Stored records
━━━━━━━━━━━━━━━━━━━━━━━━━━━━━━

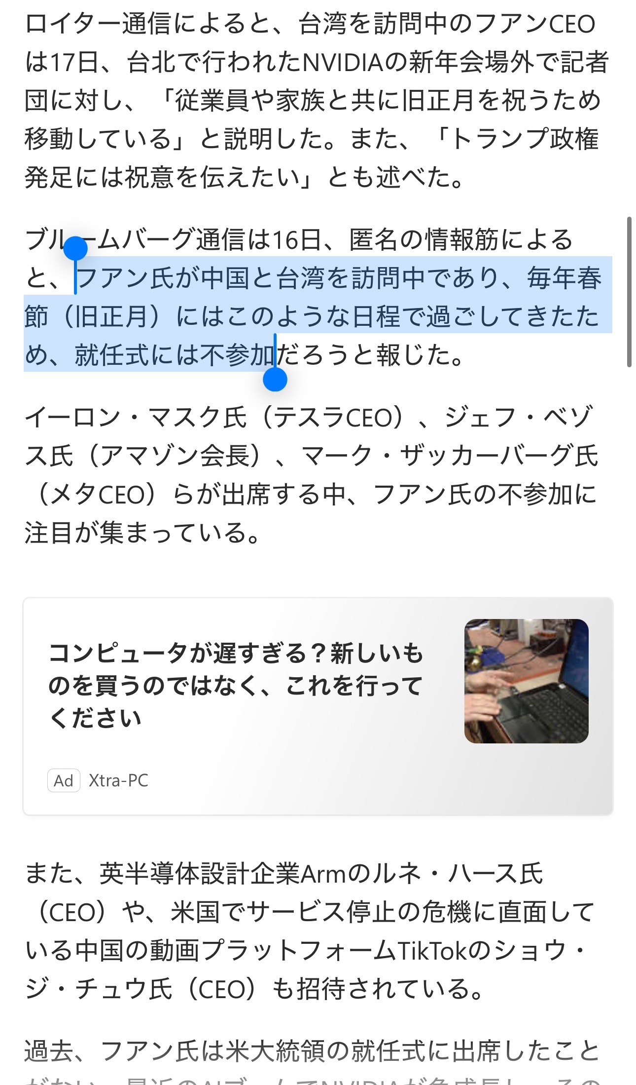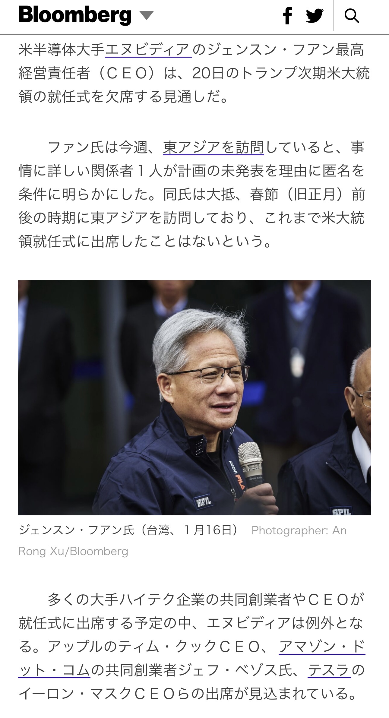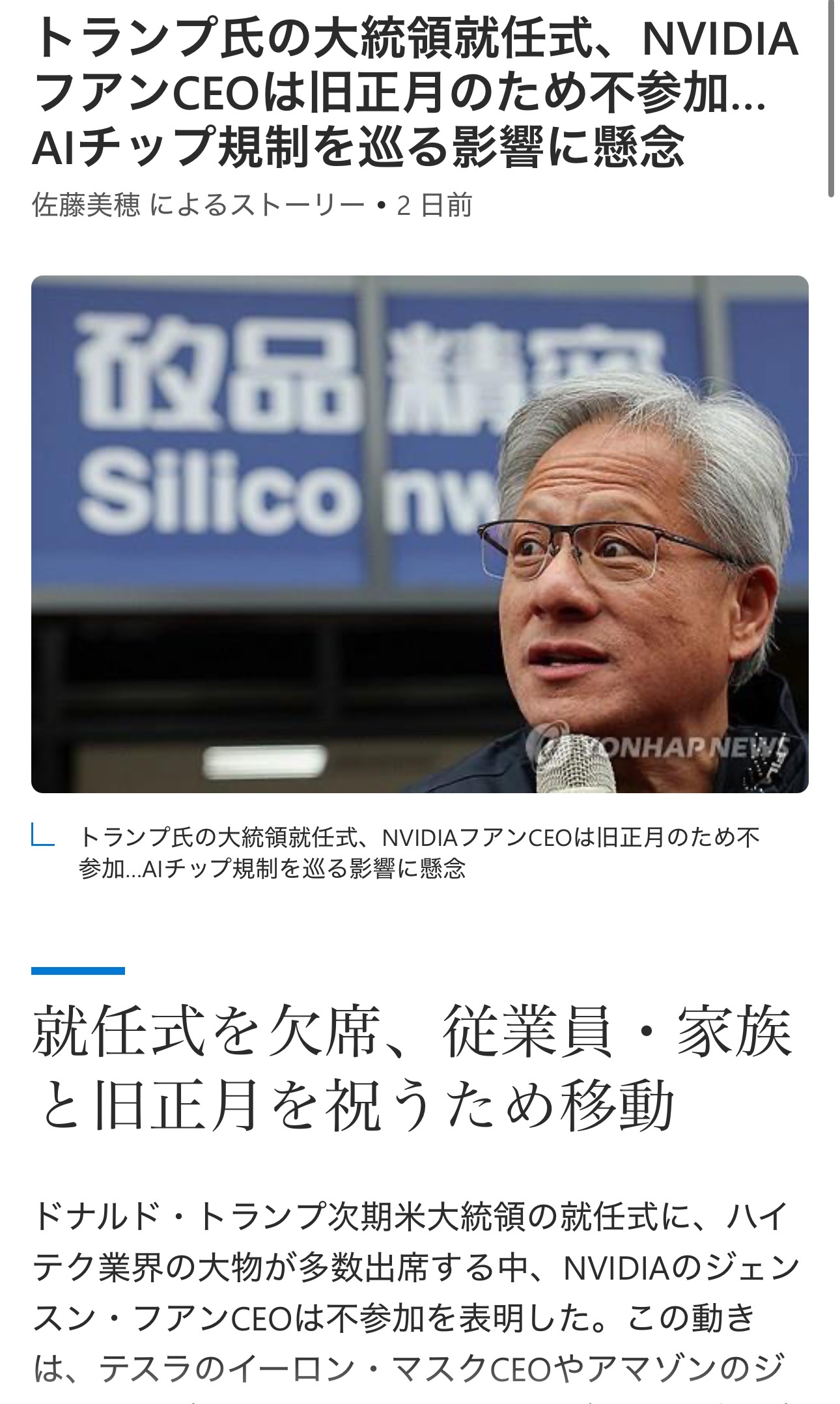 NVIDIAの革ジャンさん、旧正月を中国で親族などと祝うためトランプ就任式を欠席していたwwwwwwwwwwwwwwwwwww
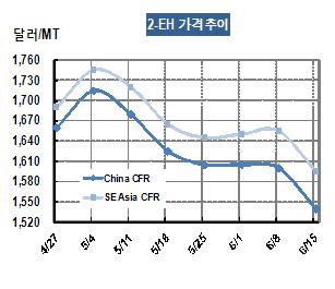 2-EH 가격이 CFR China 톤당 1540달러로 60달러 급락했다. 한편, 아시아 NBA(n-Butanol) 가격은 6월14일 CFR China 톤당 1260달러로 40달러 하락했다. 표, 그래프: < 2-EH 가격추이 > <화학저널 2012/06/22> |
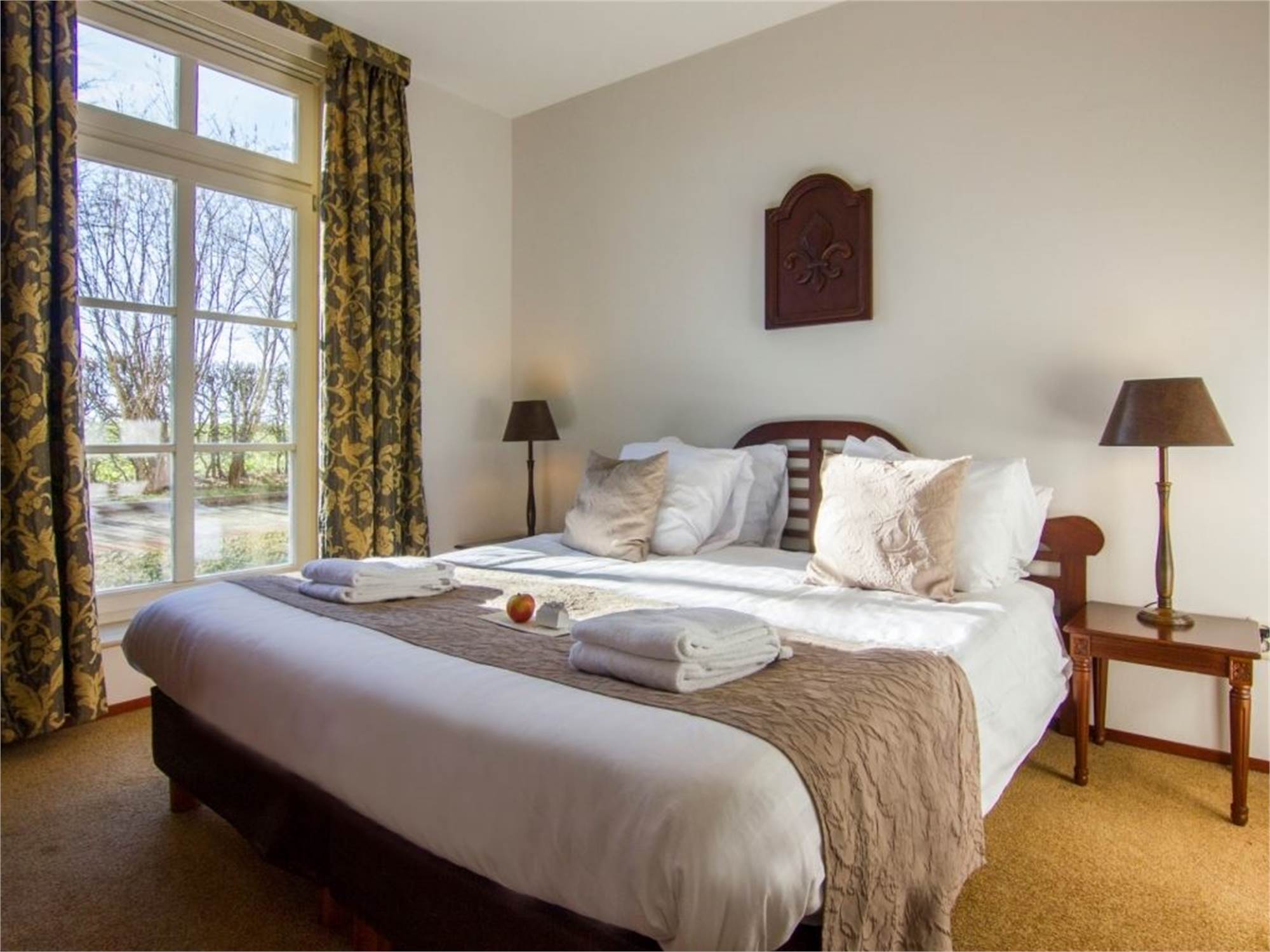 Beds provided with duvets and pillows
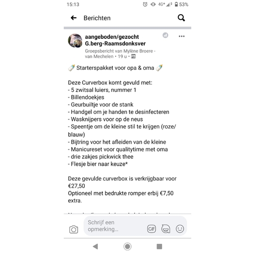 Wij hebben een pakket gemaakt net als dit pakket. Alleen dan voor oma en aangepast aan mijn moeder en zijn stiefmoeder.
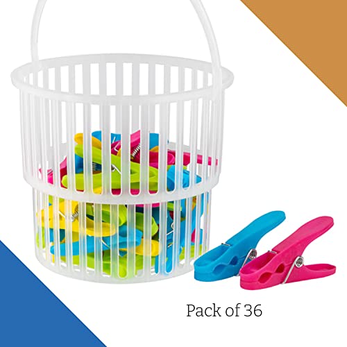 HomeSmith – Soft Grip Pegs With Basket – Soft Grip Clothes Pegs For Washing Line – Colourful Clothes Pin in Peg Basket With Handle – Pack of 36, HSmith-115
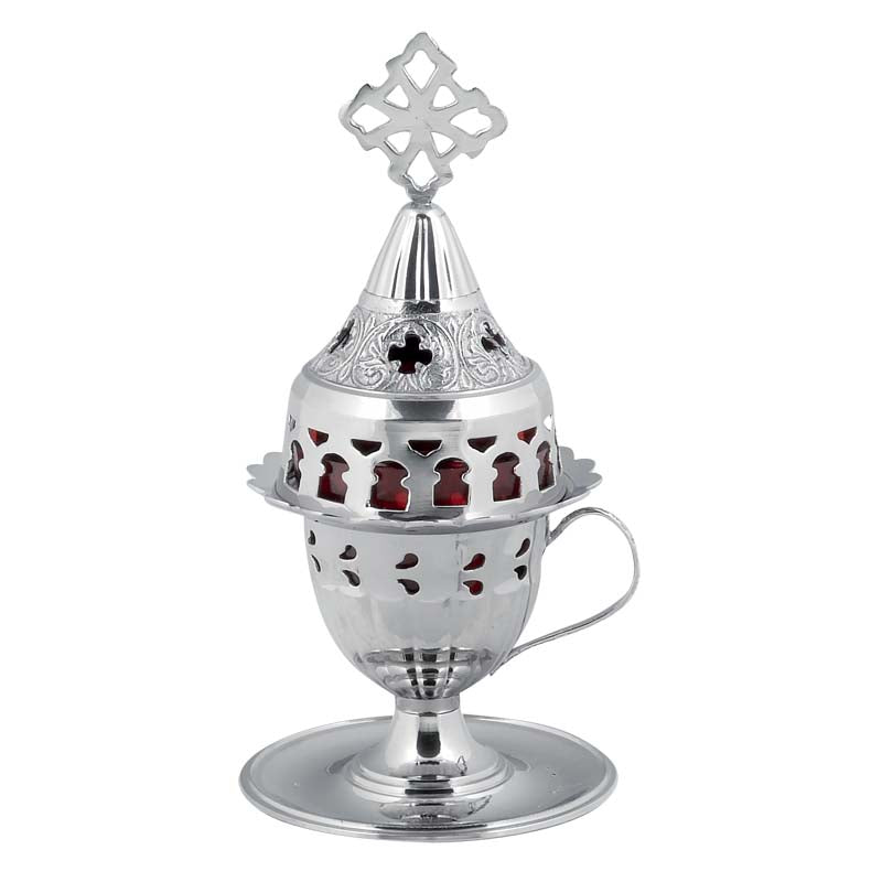 Καντήλι Μπρούτζινο Με Πιατάκι Λαβή Ασημί - Επιτραπέζιο

━━━━━━━━━━━━━━━━━━━━━━━━━━━━━━

◆ AIM OF THE TASK
In the entries above, find the line containing "Wij hebben een" and the line containing "HomeSmith – Soft"; give again exactly those two lines and every line between them, minus the pictures.

◆ RESULT FOR THIS TASK
 Wij hebben een pakket gemaakt net als dit pakket. Alleen dan voor oma en aangepast aan mijn moeder en zijn stiefmoeder.
 HomeSmith – Soft Grip Pegs With Basket – Soft Grip Clothes Pegs For Washing Line – Colourful Clothes Pin in Peg Basket With Handle – Pack of 36, HSmith-115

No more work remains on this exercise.